Cumhurbaşkanı Recep Tayyip Erdoğan 27-29 Eylül'de Almanya'ya gidecek. Erdoğan’ın bu hafta yapacağı resmi ziyaret Alman basınında geniş yer buldu. Medyada Almanya Hükümetinin Erdoğan'dan somut tavizler talep etmesi yönünde yorumlar yer alırken, insan hakları savunucusu Osman Kavala ve HDP eski Eş Genel Başkanı Selahattin Demirtaş şartı dikkati çeken meselerden. Frankenpost gazetesi Türkiye'yi dev bir cezaevine çevirdiğini iddia ettiği Cumhurbaşkanı Erdoğan için "Büyüttüğü Türk ekonomisini sonradan tökezlettiği ve ateşle oynadığı için Erdoğan'ın paçaları tutuştu" değerlendirmesi yaptı.

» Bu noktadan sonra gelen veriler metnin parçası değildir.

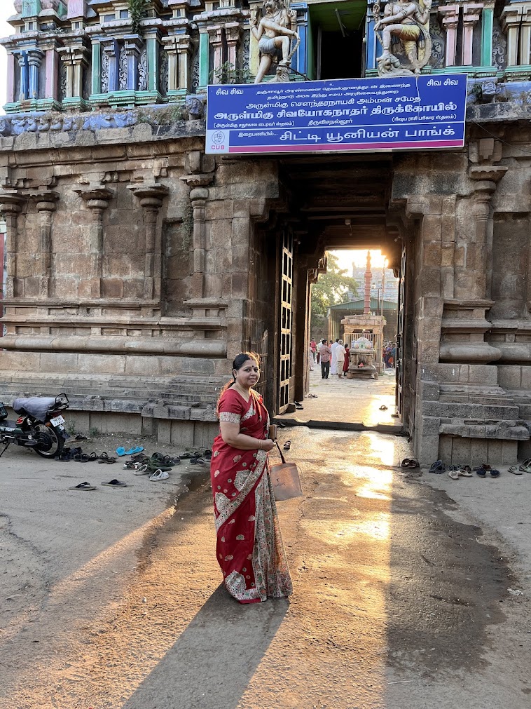 Back at our hotel in Kumbakonam for lunch, a brief rest and in the evening we decided to take an autorickshaw to visit the temple which is special for people with the Rishabha rasi (The Bull, as per Hindu astrology). It is the Sivayoginathar temple in Thiruvisainallur, where Shiva is worshipped in lingam form and His consort is Soundaranayagi. Getting an autorickshaw was an adventure in itself. We first approached an auto driver, who demanded Rs.400 for the up and down trip. Saying No, we walked a little distance and flagged a moving auto, who agreed to ferry us to and fro for Rs.300. Just as we were able to get in, there came the driver out a parked auto and started fighting with this driver, who beat a hasty retreat. Now, the other driver who claimed, he was at the auto stand demanded Rs,500. Th first driver, leaving his vehicle walked over and joined this driver. Saying No, we moved further and took a turn to the main road, where we flagged a passing autorickshaw. The demand was Rs.600. Even as we were signifying our reluctance, the earlier two drivers turned up on foot and there was big quarrel among the three. Meanwhile we walked in the opposite direction, got into an auto for Rs.400 and as we crossed the earlier spot, the 3 drivers were still arguing vehemently and did not even see us. A ride of about 4-5 kilometers and, we were before the Sivayoginathar temple.

Frankfurter Rundschau gazetesi Cumhurbaşkanı Recep Tayyip Erdoğan'ın Almanya ve Avrupa ile ilişkilerde yeni bir başlangıç yapma arayışına şu satırları ayırmış:
"Türkiye'de faaliyet gösteren 7 binin üzerindeki Alman şirketinin acilen ihtiyaç duyduğu güven ancak demokrasi ve hukukun üstünlüğü ilkelerine geri dönülmesiyle sağlanabilir. Ancak Erdoğan Türkiye'ye öylesine otokrat devlet yapısı getirdi ki, güven ortamının nasıl yeniden yerine getirilebileceğini kestirmek mümkün değil. Almanya hükümeti ziyareti fırsat bilerek Erdoğan'dan somut tavizler talep etmelidir. Avrupa Birliği vatandaşları siyasi nedenlerle tutuklandığı sürece Türkiye'ye yardım edilmemeli, AB ile Türkiye arasındaki gümrük birliğinin genişletilmesi insan hakları savunucusu Osman Kavala ve HDP eski Eş Genel Başkanı Selahattin Demirtaş ile diğer muhaliflerin serbest bırakılması şartına bağlanmalıdır. Bu adımlar Türkler ile Almanya'da yaşayan demokratik görüşlü Türkler arasındaki dostluğu pekiştirir. Almanya'nın Türkiye politikası geliştirmesinin zamanı gelmiştir.”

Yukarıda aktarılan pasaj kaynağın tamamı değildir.